Whenever you run an UPDATE, DELETE, MERGE or OPTIMIZE, Delta does not change the existing files: it writes new Parquet files and marks the old ones as removed in the transaction log. The old files stay physically in place so that time travel keeps working. Over time they build up and increase storage cost, even when the table has few rows.

This build-up is exactly what VACUUM solves: it removes files that are no longer referenced by the current version and that are older than the retention window.

Step 2: Simulate the cleanup with DRY RUN

Before deleting anything, use the DRY RUN option. It shows the list of files that would be removed, without deleting them. It is the safest way to understand the impact of the command.

-- Lists the files that would be removed, without deleting anything
VACUUM vendas RETAIN 168 HOURS DRY RUN

Replace vendas with your table name. If the list comes back empty, there are no files old enough to clean up — and that is perfectly normal.

Step 3: Run VACUUM with the default retention

Once you are comfortable with the DRY RUN output, run VACUUM without that option. If you do not provide an interval, Delta uses the default retention of seven days (168 hours), meaning it keeps everything that might be needed to read versions from the last week.

-- Removes files older than 7 days that are no longer referenced
VACUUM vendas

The command returns the table path and cleans up the eligible files. It is safe to run several times: if there is nothing to remove, it does nothing.

Step 4: Shorten the retention window (carefully)

Sometimes you want to reclaim space faster and shorten retention to less than seven days. Delta has a safety check that blocks this by default, because deleting recent files can break time travel and affect ongoing reads. Only disable it if you understand the impact.

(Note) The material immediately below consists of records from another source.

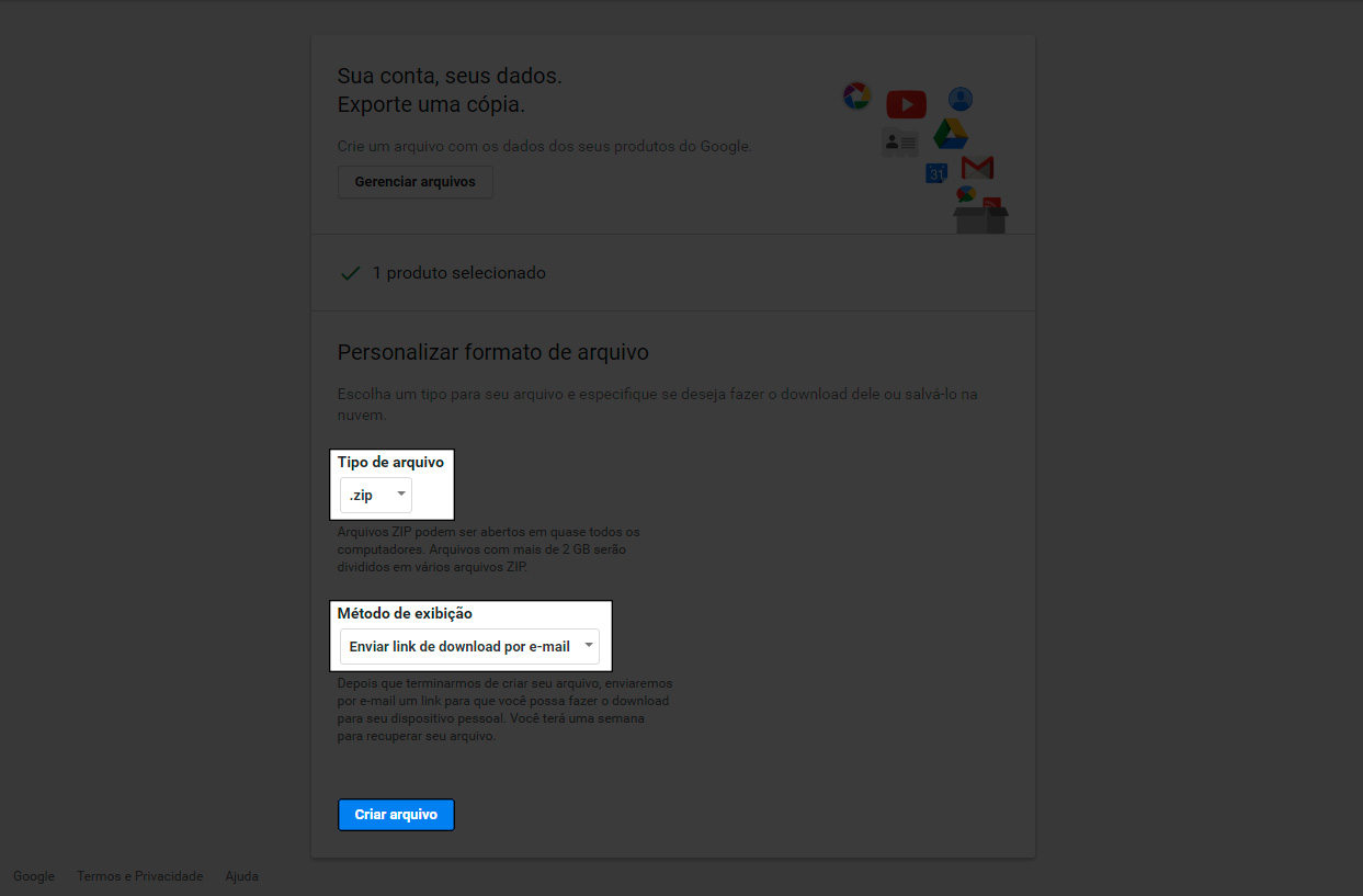 4. Escolha o “Tipo de Arquivo” e em “Método de Exibição” a forma que você deseja receber o link de download. Para finalizar, clique em “Criar Arquivo”.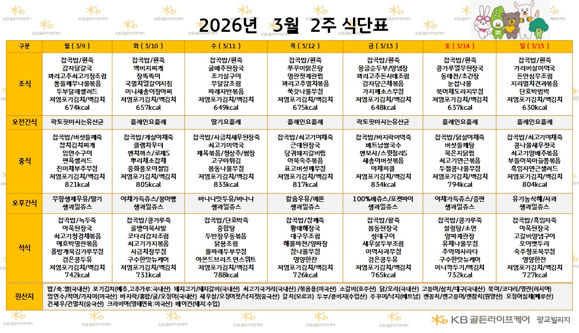 광교빌리지 [식단안내] 2026년 3월 2주 식단표 페이지 정보 작성자 최고관리자 댓글 0건 조회 20회 작성일 26-03-06 12:36 목록 본문 목록 이전글[식단안내] 2026년 3월 2주차 식단표 26.03.06 다음글[하루의 식단] 2026년 3월 5일 26.03.06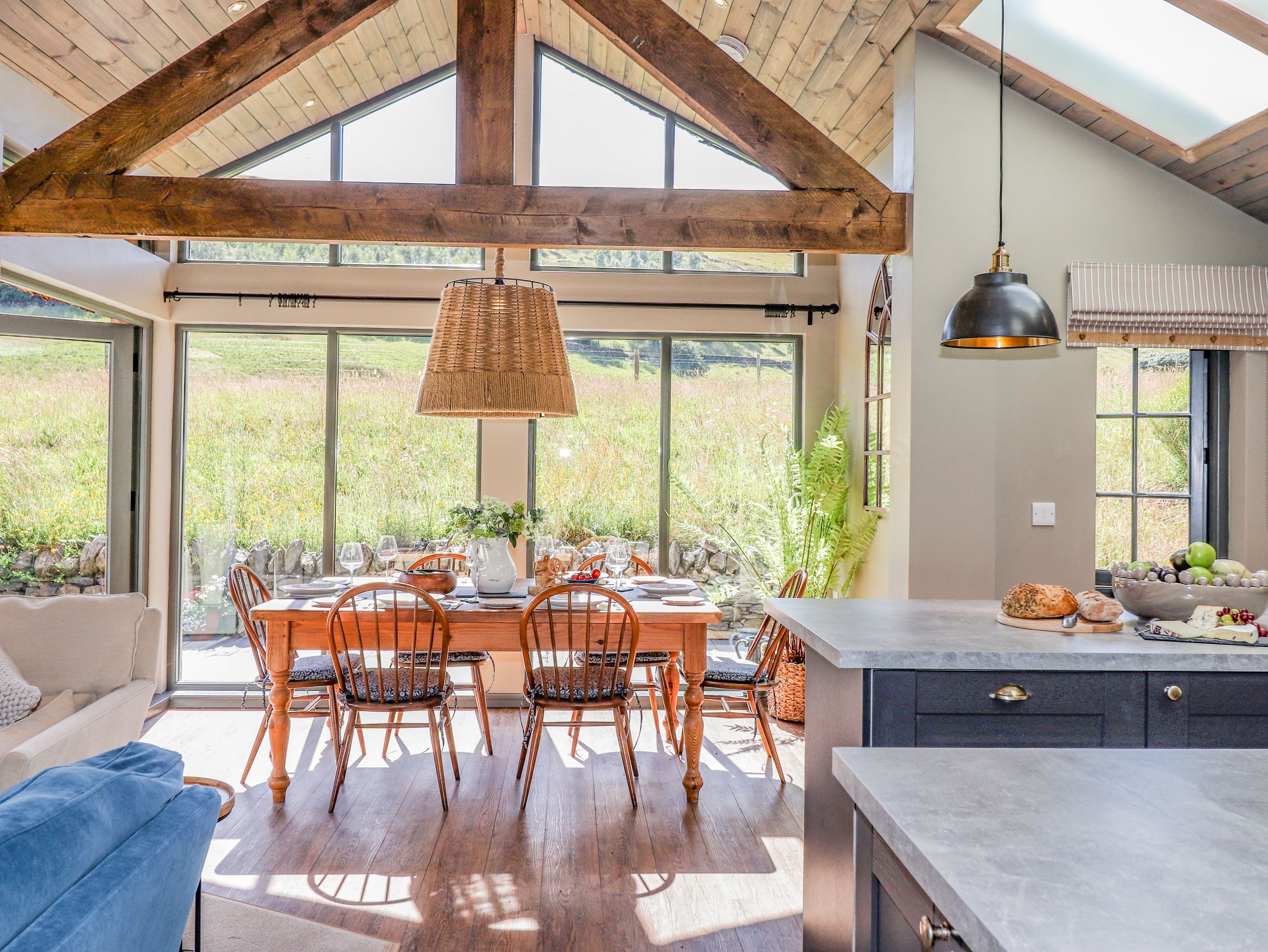 Amenities Ground source heat pumps with underfloor heating and woodburning stove. Electric range cooker with 2 ovens and 4 hobs, microwave, fridge/freezer, washer/dryer, dishwasher. Smart TV, WiFi. Fuel, power and starter pack for woodburning stove inc. in rent. Bed linen and towels inc. in rent. Off-road parking for 3 cars. Enclosed back garden with decking and barbecue. One well-behaved dog welcome, please note, no dogs are permitted on site during lambing season, between the months of February - March. Sorry, no smoking. Shop 2.7 miles, pub 4 miles. Note: There are steps up to the open-plan living space, please take care. Note: Children under the age of five years old will not be accepted at the property, please consider this when booking. Monday and Friday arrivals only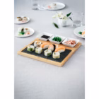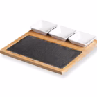 Tabla fabricada en bambú con una base en pizarra natural extraíble. Incluye 3 cuencos cerámicos blancos, complemento para servir salsas y condimentos. Es resistente y mantiene la temperatura gracias a las propiedades térmicas de la pizarra natural.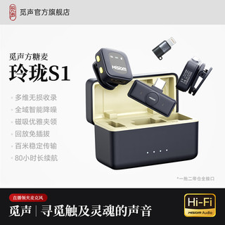 觅声玲珑方糖麦直播麦克风夹领式降噪录音设备主播户外vlog短视频拍摄K歌手机无线领夹收音麦 藏蓝【双人配充电仓】全接口-无损收录-稳定传输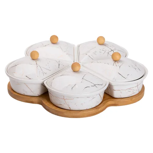 Менажниця керамічна на обертовій підставці 5 секцій біла HP-1217 представляє собою функціональний та стильний набір для подачі закусок, соусів та десертів. Виготовлена з якісної кераміки, вона відрізняється міцністю та безпекою для здоров'я. Керамічні чаші легко миються і не вбирають запахи, що робить їх ідеальним вибором для багаторазового використання.

-- Use only when you understand the effect on time travel
SET spark.databricks.delta.retentionDurationCheck.enabled = false;
VACUUM vendas RETAIN 24 HOURS;
Warning: never use RETAIN 0 HOURS on a table with concurrent writes — you may delete files still in use and lose data. In production, keep the default retention whenever possible.

Step 5: The PySpark alternative

If you prefer to work in Python, the DeltaTable API does the same as the SQL command. It is handy when you want to fold the cleanup into an existing maintenance notebook.

from delta.tables import DeltaTable

dt = DeltaTable.forName(spark, "vendas")
dt.vacuum()        # default retention of 168 hours
# dt.vacuum(168)   # the same, but explicit in hours

Check the result

To confirm that VACUUM ran, look at the table history. You will see VACUUM START and VACUUM END operations logged with their date and time.

DESCRIBE HISTORY vendas

You may also notice that the space used by the table folder in OneLake has dropped. If you try to time travel to a version older than the retention you set, that read will fail — which is the expected behaviour after cleaning up the files.

Conclusion

VACUUM is the final piece of a good maintenance routine: first you compact files with OPTIMIZE, then you reclaim space with VACUUM. In Fabric you can run these commands manually in a notebook or use the Lakehouse table maintenance feature to schedule them. Start with the default retention, watch the history for a few weeks, and only then consider adjusting the window. Which table in your Lakehouse has been growing the most — and do you know how long it has been since it last had a VACUUM?